Why Is It Relevant in DevSecOps?
In a DevSecOps environment, where rapid delivery meets security, code signing ensures that only verified, tamper-proof software moves through the pipeline.
- Software supply chain security
- Mitigation of malware injection
- Compliance with standards (e.g., NIST, SOC 2, FedRAMP)
2. Core Concepts & Terminology
Key Terms and Definitions
| Term | Definition |
|---|---|
| Digital Signature | A cryptographic hash encrypted with a private key to verify authenticity. |
| Code Signing Certificate | A certificate issued by a trusted Certificate Authority (CA). |
| Timestamping | Ensures a signature remains valid even after a certificate expires. |
| PKI | Infrastructure for managing public-private key pairs. |
How It Fits into the DevSecOps Lifecycle
| DevSecOps Stage | Code Signing Role |
|---|---|
| Plan | Define trusted publishers and compliance requirements. |
| Develop | Sign components before pushing to shared repositories. |
| Build | Automatically sign compiled artifacts or packages. |
| Test | Verify signatures during automated tests. |
| Release | Only allow signed binaries to be deployed to production. |
| Monitor | Audit signing logs for compliance. |
| Respond | Revoke or rotate signing keys during incident response. |
3. Architecture & How It Works
Components
- Signing Key Pair (Private + Public): Private key is securely stored and used to sign code; public key is distributed for verification.
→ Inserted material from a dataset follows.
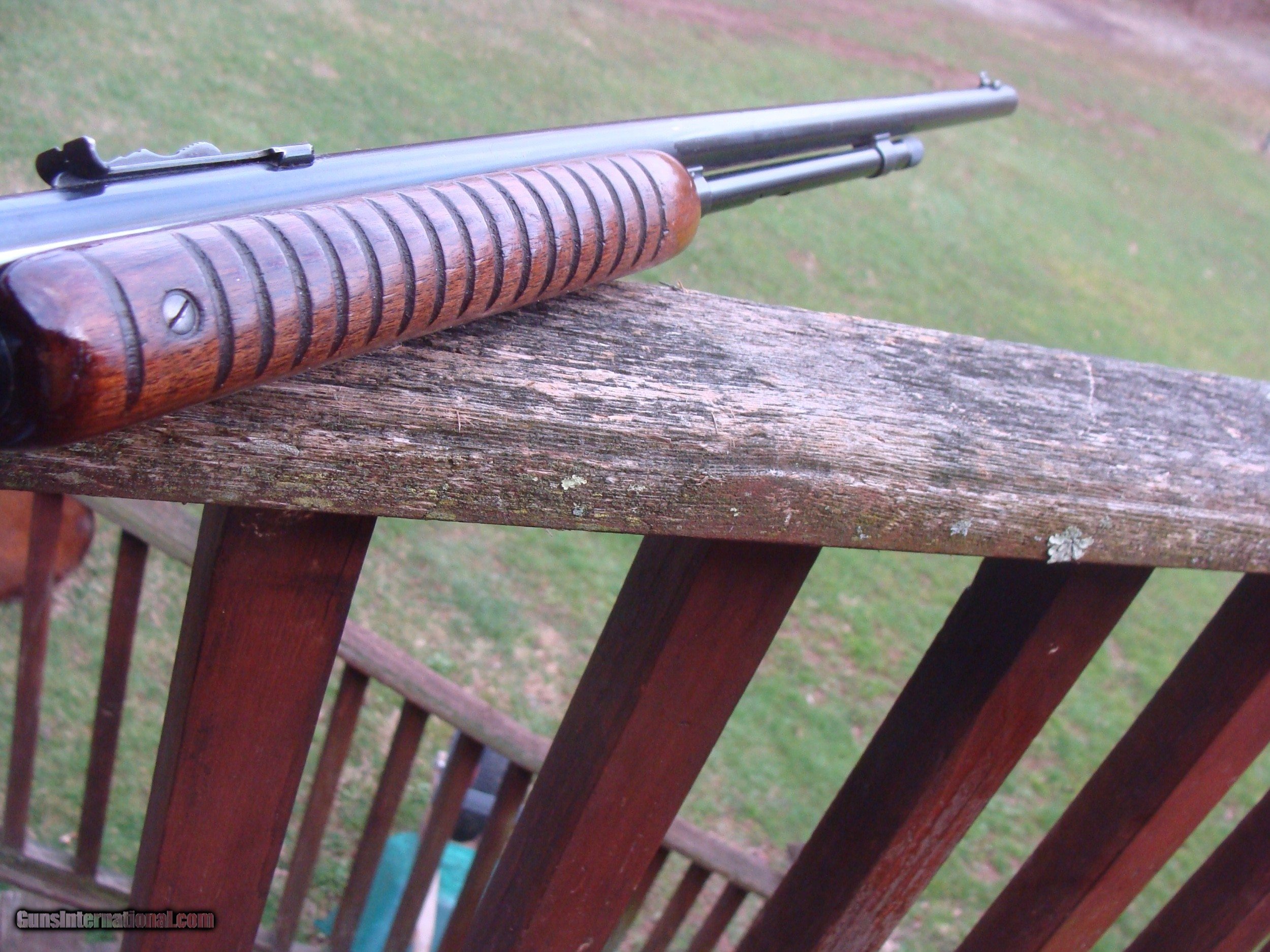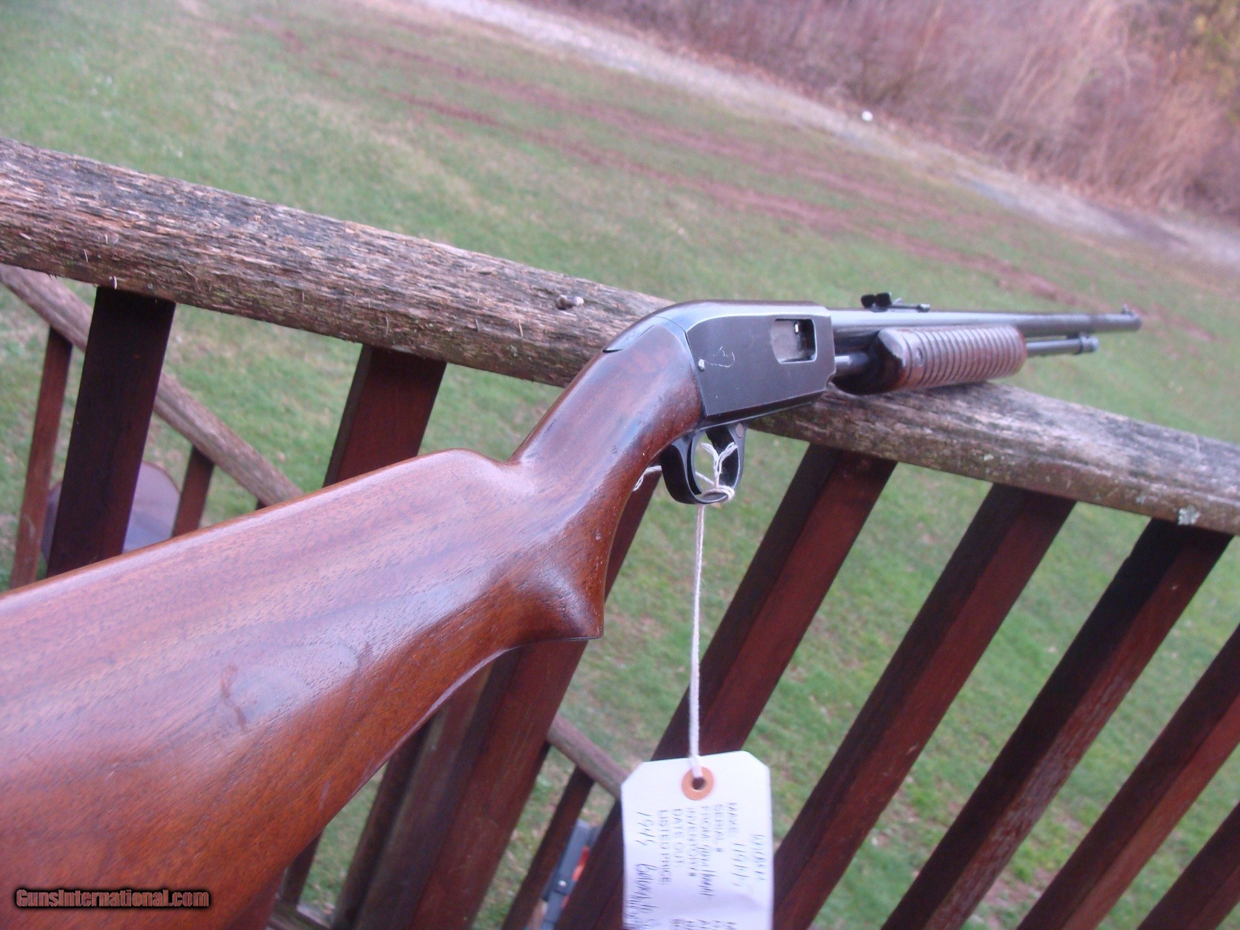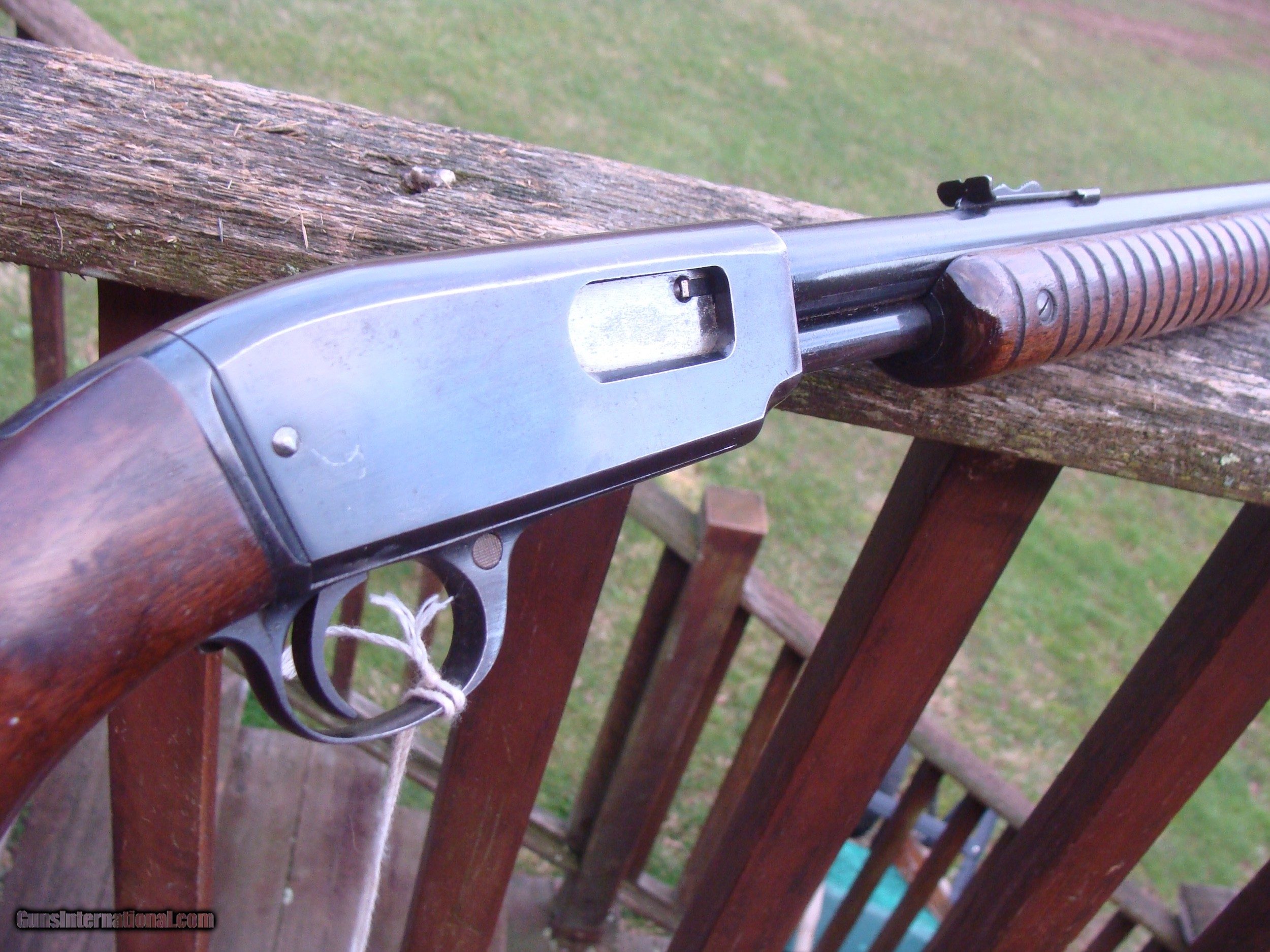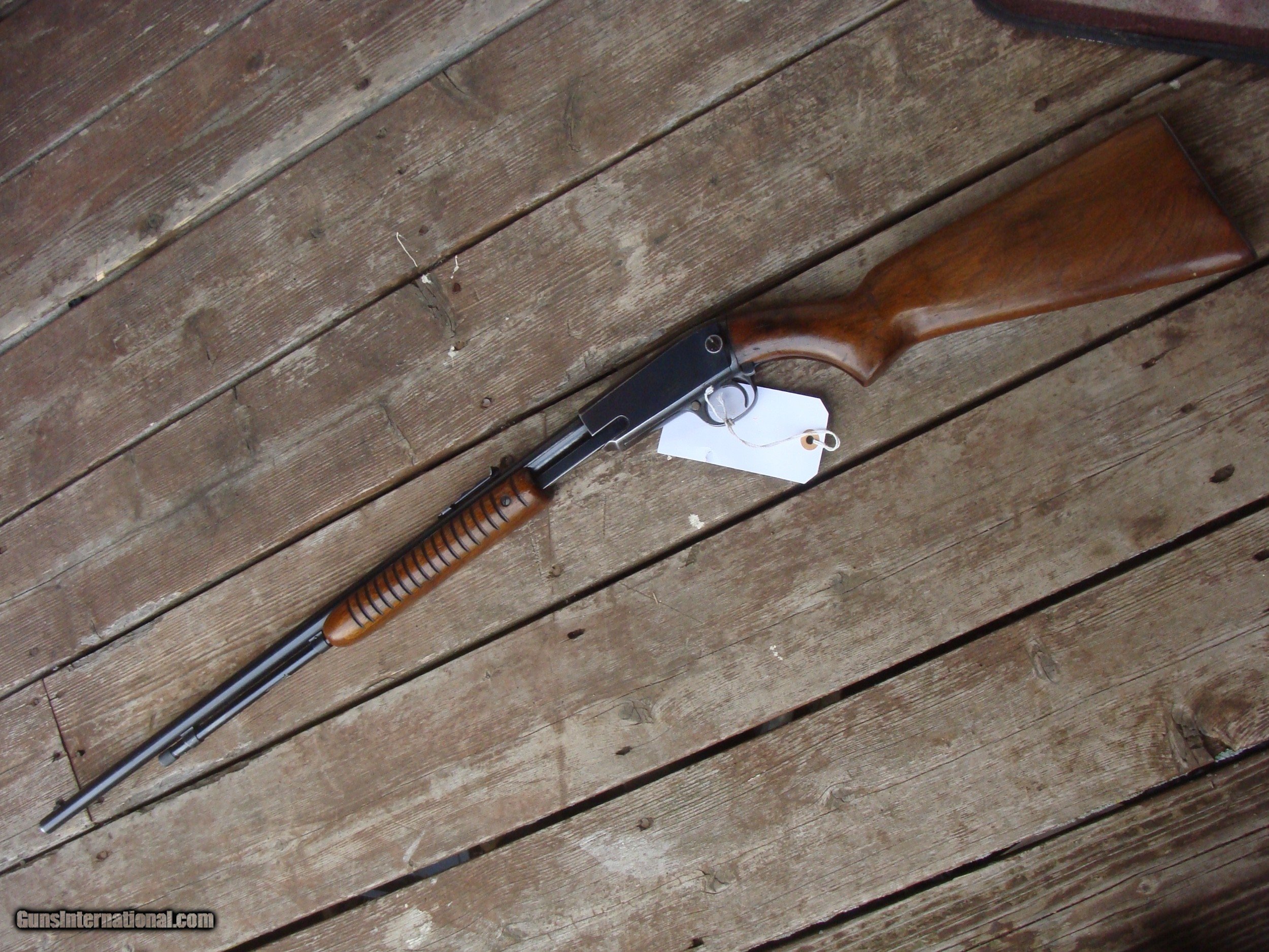 Description: Nice looking Model 61 pump action repeater. Quality New Haven Winchester 22 rifle. Produced in 1948 where there were real craaftsmen at Winchester who took pride in their work. These guns have beautiful lines, are reliable and handy as takedowns for packing, shipping and storing. This gun has normal wear for its age, we are calling it about 80% but would not argue a little above or below. There are no meaningful flaws to speak of. No rust or pitting or other than normal carry wear. These had been a prof. repair to the stock up near the pistol grip that is not really evident. Not often found at this price. Shipping is $ 48.00 (more to Ak and Hi and some W. Of the Miss. R Locations) PLEASE READ EVERYTHING BELOW IN BOLD: IF IT DOES NOT SAY NEXT TO THE PRICE..."SALE PENDING OR UNDER DEPOSIT"...IT IS AVAILABLE. WE DO NOT REPLY TO INQUIRIES THAT SAY "INTERESTED IN THIS GUN" OR "IS IT AVAILABLE" IF YOU WOULD LIKE TO BUY THIS OR ANY OF OUR GUNS WE SUGGEST YOU PHONE US; WE ARE OFTEN AVAIALABLE LONG HOURS. IF YOU ARE INTERSTED IN A GUN THAT IS UNDER DEPOSIT AND WOULD LIKE TO BE NOTIFIED IF A SIMILAR GUN COMES IN DROP US A LINE AND WE WILL MAKE EFFORTS TO CONTACT YOU WHEN ONE DOES COME IN. WE HAVE OVER 2000 SALES ON ALL SITES WITH AN A+ RATING ON ALL WE ALSO KEEP AN INVENTORY OF OLDER PERIOD CORRECT SCOPES; CALL WITH NEEDS WE MOSTLY PICK VERY CLEAN AND LIGHLTY USED GUNS. WE ARE HAPPY TO TAKE CONSIGNMENT GUNS AND COLLECTIONS OR WILL BUY YOURS OUTRIGHT. WE SOMETIMES ARE EMPLOYED FOR ESTATE PURPOSES AND VALUATIONS. CT RESIDENTS MUST CONTACT US TO UNDERSTAND OUR IN STATE TRANSFER POLICIES. PAYMENT USPS MONEY ORDER ONLY AT THIS TIME. ( WE CAN TAKE A DEPOSIT WITH A CARD BUT THE GUN MUST BE PAID WITH A USPS MONEY ORDER) IT IS THE BUYERS RESPONSIBILITY TO GET US A COPY OF YOUR RECEIVING FFL'S LIC AND A COPY OF YOUR PHOTO ID BEFORE THE GUN SHIPS YOU MUST CALL YOUR FFL.WE DO NOT CALL FOR YOU. LAYAWAY PURCHASES NOT COMPLETED OR ANY RETURNED ITEM UNLESS NOT AS DESCRIBED OR DAMAGED ARE SUBJECT TO A 10% RELISTING/RESTOCKING FEE AND MUST BE RETURNED WITH NO NEW MARKS OR SCRATCHES, SENT BACK INSURED, PRIORITY SIGNATURE REQUIRED. ALL INFORMATION CONTAINED HEREIN IS BELIEVED TO BE ACCURATE BUT IS NOT GUARANTEED. WITH ANY OLDER OR USED GUN IT SHOULD BE EXAMINED BY A GUNSMITH OR COMPETENT EXPERT PRIOR TO USE) SOLD |

- Certificate Authority (CA): Issues code signing certificates tied to an entity’s identity.
- Timestamp Server: Adds a trusted timestamp to signed code.
- Verification System: Validates the signature during software execution or installation.
Internal Workflow
- Developer/Build System compiles code.
- Signing Engine applies a digital signature using a private key and certificate.
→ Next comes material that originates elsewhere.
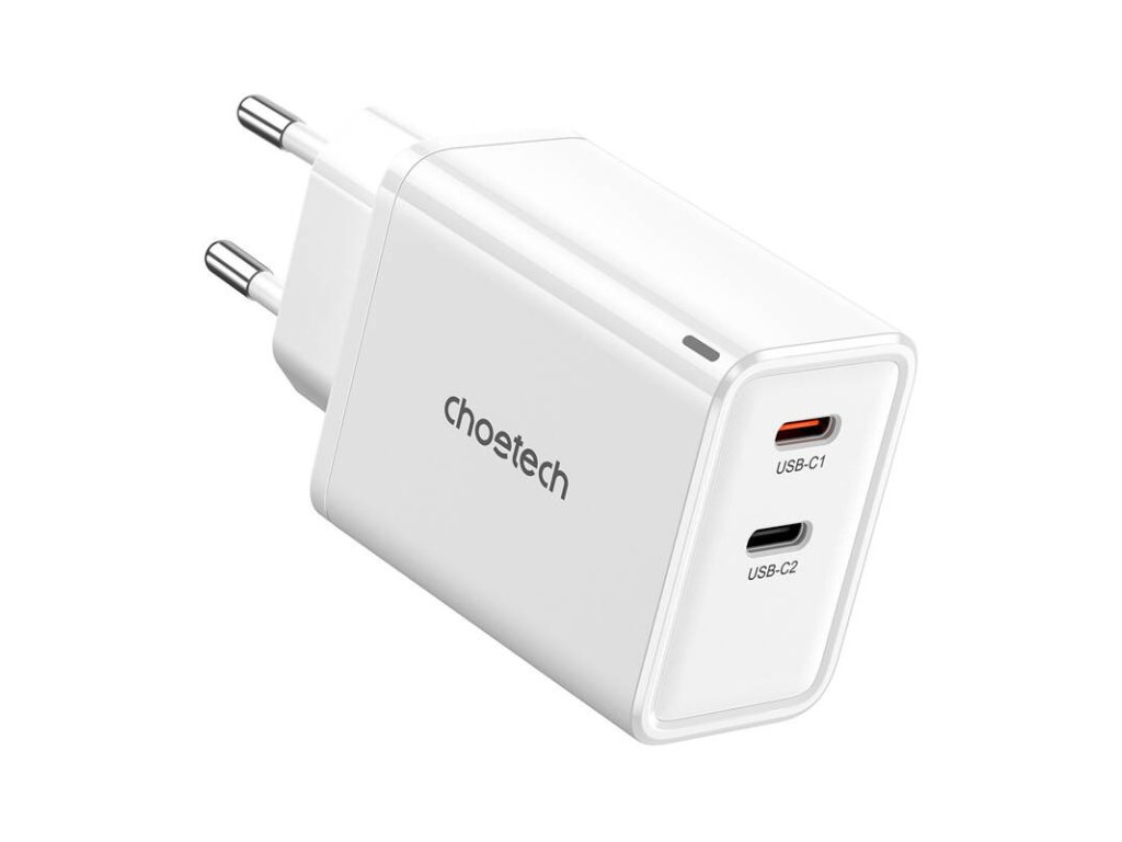 Síťová nabíječka Choetech PD6013, GaN, 2x USB-C, PD65W (bílá).
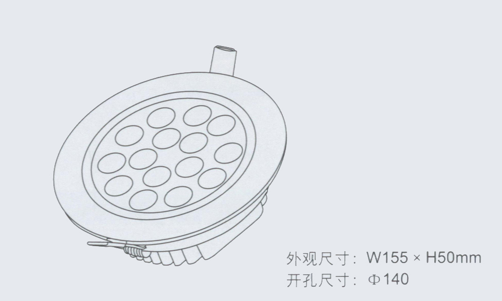 产品型号 输入电压 LED功率 LED数量 光通量 外观尺寸 开孔尺寸

- Optional: Contact Timestamp Server to ensure validity past certificate expiration.
- Signed Code is published, tested, or deployed.
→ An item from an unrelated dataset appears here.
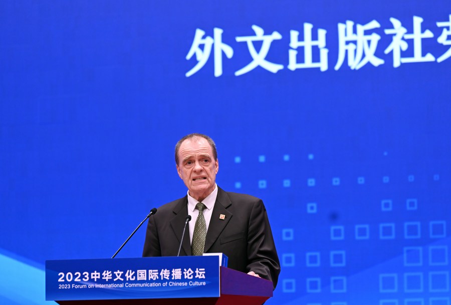 9月22日,外文出版社荣誉英文主编大卫·弗格森在2023中华文化国际传播论坛上发言。新华社记者 金良快 摄
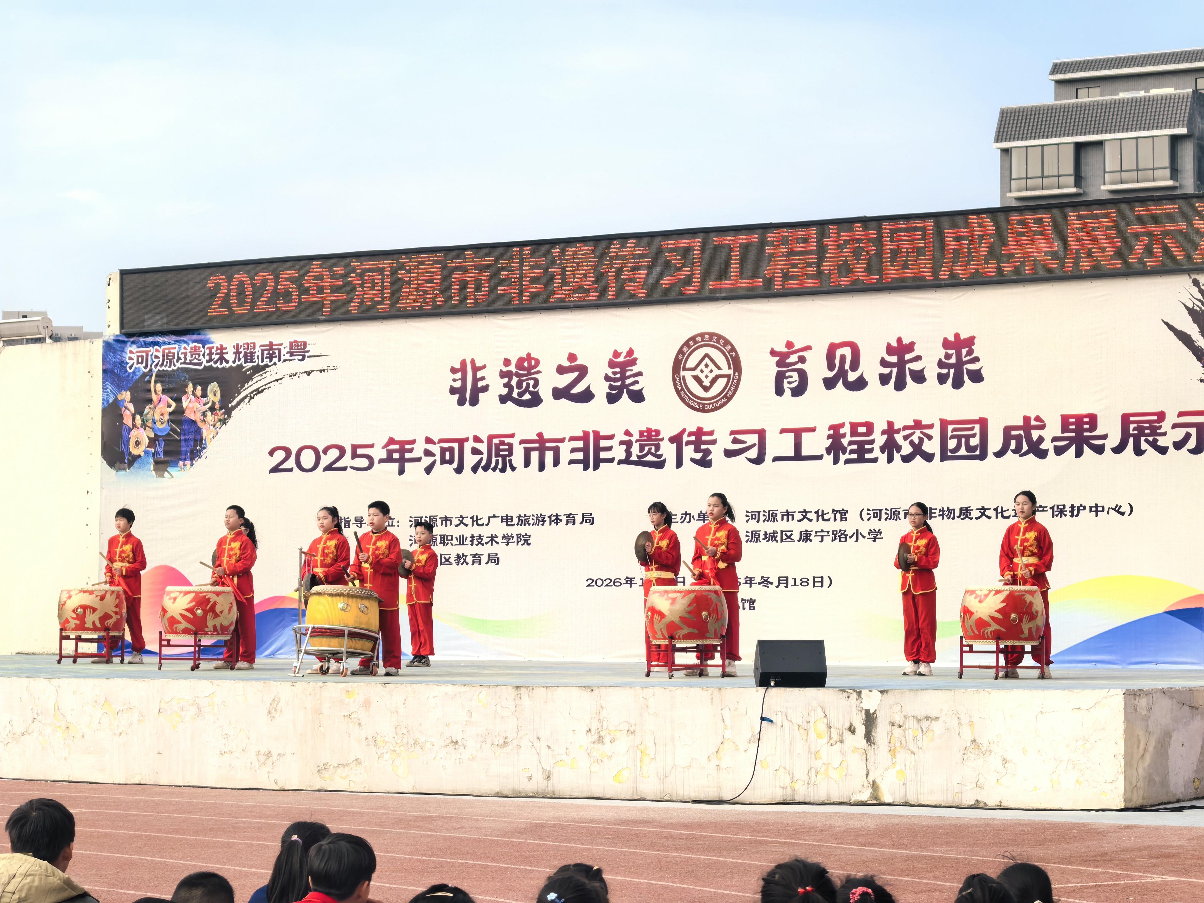 近日,“非遗之美育见未来”——“河源遗珠耀南粤”2025年河源市非遗传习工程校园成果展示活动在源城区康宁路小学举行。

- Consumers or CI systems verify the digital signature.
Architecture Diagram (Descriptive)
[Source Code] → [Build System]
↓
[Signing Service]
/ | \
[Private Key] [Cert CA] [Timestamp Server]
↓
[Signed Artifact] → [CI/CD] → [Prod]
Integration Points with CI/CD or Cloud Tools
| Tool/Platform | Integration Details |
|---|---|
| GitHub Actions | Use signing steps in workflows (e.g., sigstore, GPG, Cosign). |
| GitLab CI | Use runners to sign artifacts during build stage. |
| Azure DevOps | Secure pipeline tasks using integrated code signing tasks. |
| AWS CodePipeline | Use KMS-integrated signing with pre-deploy hooks. |
4. Installation & Getting Started
Basic Setup or Prerequisites
- Access to a code signing certificate (from a CA like DigiCert, Sectigo).
- Secure environment for storing private keys (HSM, YubiKey, cloud KMS).
- Code signing tool appropriate for your language/platform (e.g.,
signtool,cosign,jarsigner,gpg,sigstore).
Hands-On: Signing with cosign (Open Source)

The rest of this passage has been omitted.